THE DATA Start Marker

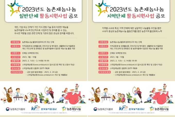 [홍보] 2023년 농촌재능나눔 일반&지역단체 활동지원사업 공모 안내
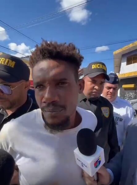 Un video ofrecido por la Policía muestran el momento en que agentes de la Dirección Central de Investigación (DICRIM), junto a personal de la Policía Preventiva, trasladan al detenido hasta el Destacamento Ensanche Felicidad, en Los Mina, donde permanece bajo custodia.
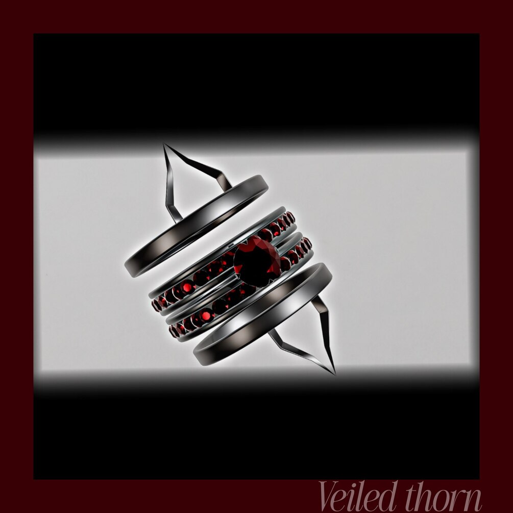 -Features a deep crimson gemstone at the center, radiating intensity and allure.
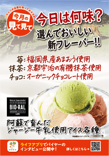 ライフが自信を持っておすすめする「今月の見て見て」の首都圏5月商品に選ばれた「BIO-RAL 阿蘇で育んだジャージー牛乳使用アイス」は、乳化剤・安定剤・香料を使用せずに作った体に優しい味わいで一口目から濃厚なミルクの風味が広がり、お客様から「おいしい!」とご好評をいただいております。より多くのお客様に選ぶ楽しさをお届けしたいという思いから、人気の高い”苺・チョコ・抹茶”の新フレーバーを開発いたしました。すべて素材にこだわった自信作です。
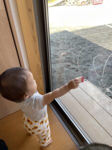 紙ではなく、窓に描けるクレヨンを使ってお絵描きしました〜😳😳💕
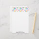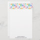 Stationery mit einem lustigen und farbenfrohen Muster. Wissenschaftler schauen mit Beakern und Flaschen verschiedener Formen und Größen in hellen, fröhlichen Farben.
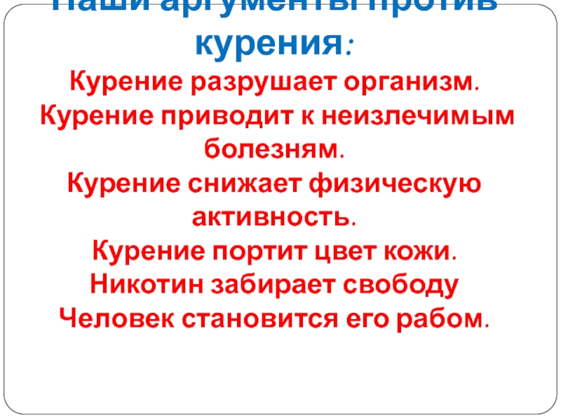 Наши аргументы против курения: Курение разрушает организм.  Курение приводит к неизлечимым болезням. Курение снижает физическую активность. Курение
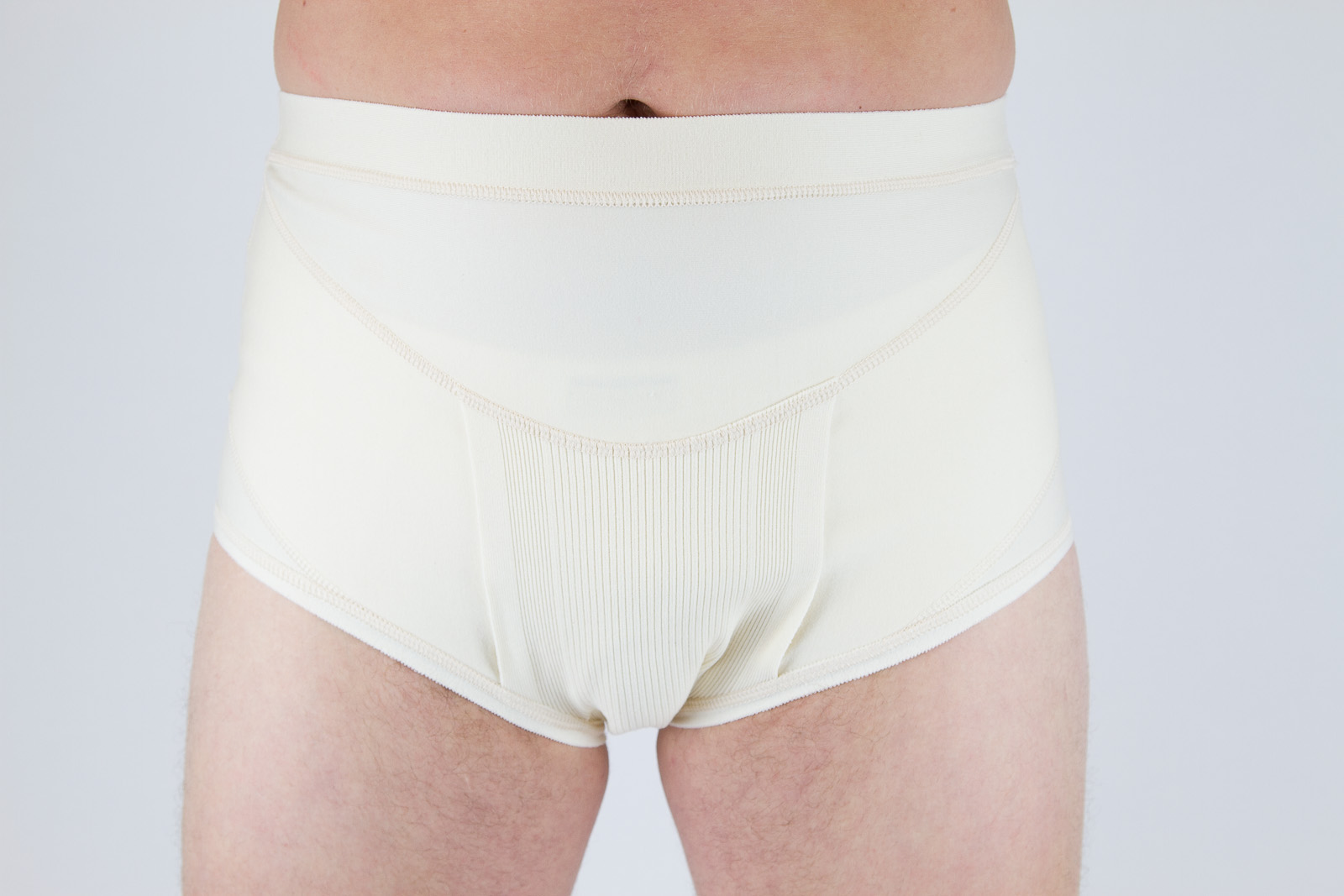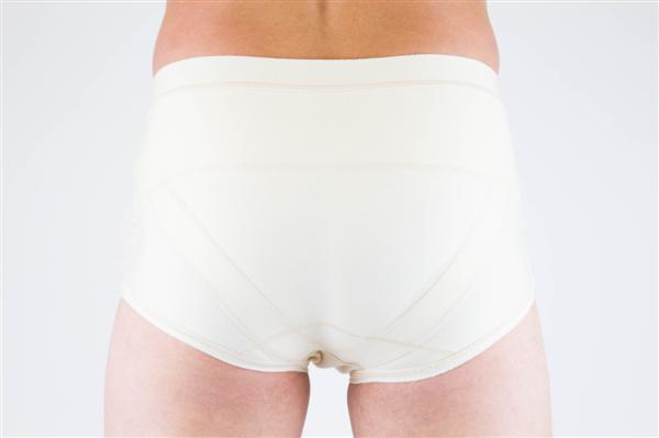 Slip erniario per uomo con pelotte, per prevenire eventuali ernie o forme di varicocele. Il prodotto è poliestensivo e permette di applicare una compressione di livello medio.

THE DATA End Marker

**WHAT YOU SHOULD DO:** Before you finish, make sure every line above has been repeated exactly and no picture remains in the copy.

**EXERCISE RESPONSE:**
 [홍보] 2023년 농촌재능나눔 일반&지역단체 활동지원사업 공모 안내
 Un video ofrecido por la Policía muestran el momento en que agentes de la Dirección Central de Investigación (DICRIM), junto a personal de la Policía Preventiva, trasladan al detenido hasta el Destacamento Ensanche Felicidad, en Los Mina, donde permanece bajo custodia.
 -Features a deep crimson gemstone at the center, radiating intensity and allure.
 ライフが自信を持っておすすめする「今月の見て見て」の首都圏5月商品に選ばれた「BIO-RAL 阿蘇で育んだジャージー牛乳使用アイス」は、乳化剤・安定剤・香料を使用せずに作った体に優しい味わいで一口目から濃厚なミルクの風味が広がり、お客様から「おいしい!」とご好評をいただいております。より多くのお客様に選ぶ楽しさをお届けしたいという思いから、人気の高い”苺・チョコ・抹茶”の新フレーバーを開発いたしました。すべて素材にこだわった自信作です。
 紙ではなく、窓に描けるクレヨンを使ってお絵描きしました〜😳😳💕
 Stationery mit einem lustigen und farbenfrohen Muster. Wissenschaftler schauen mit Beakern und Flaschen verschiedener Formen und Größen in hellen, fröhlichen Farben.
 Наши аргументы против курения: Курение разрушает организм.  Курение приводит к неизлечимым болезням. Курение снижает физическую активность. Курение
 Slip erniario per uomo con pelotte, per prevenire eventuali ernie o forme di varicocele. Il prodotto è poliestensivo e permette di applicare una compressione di livello medio.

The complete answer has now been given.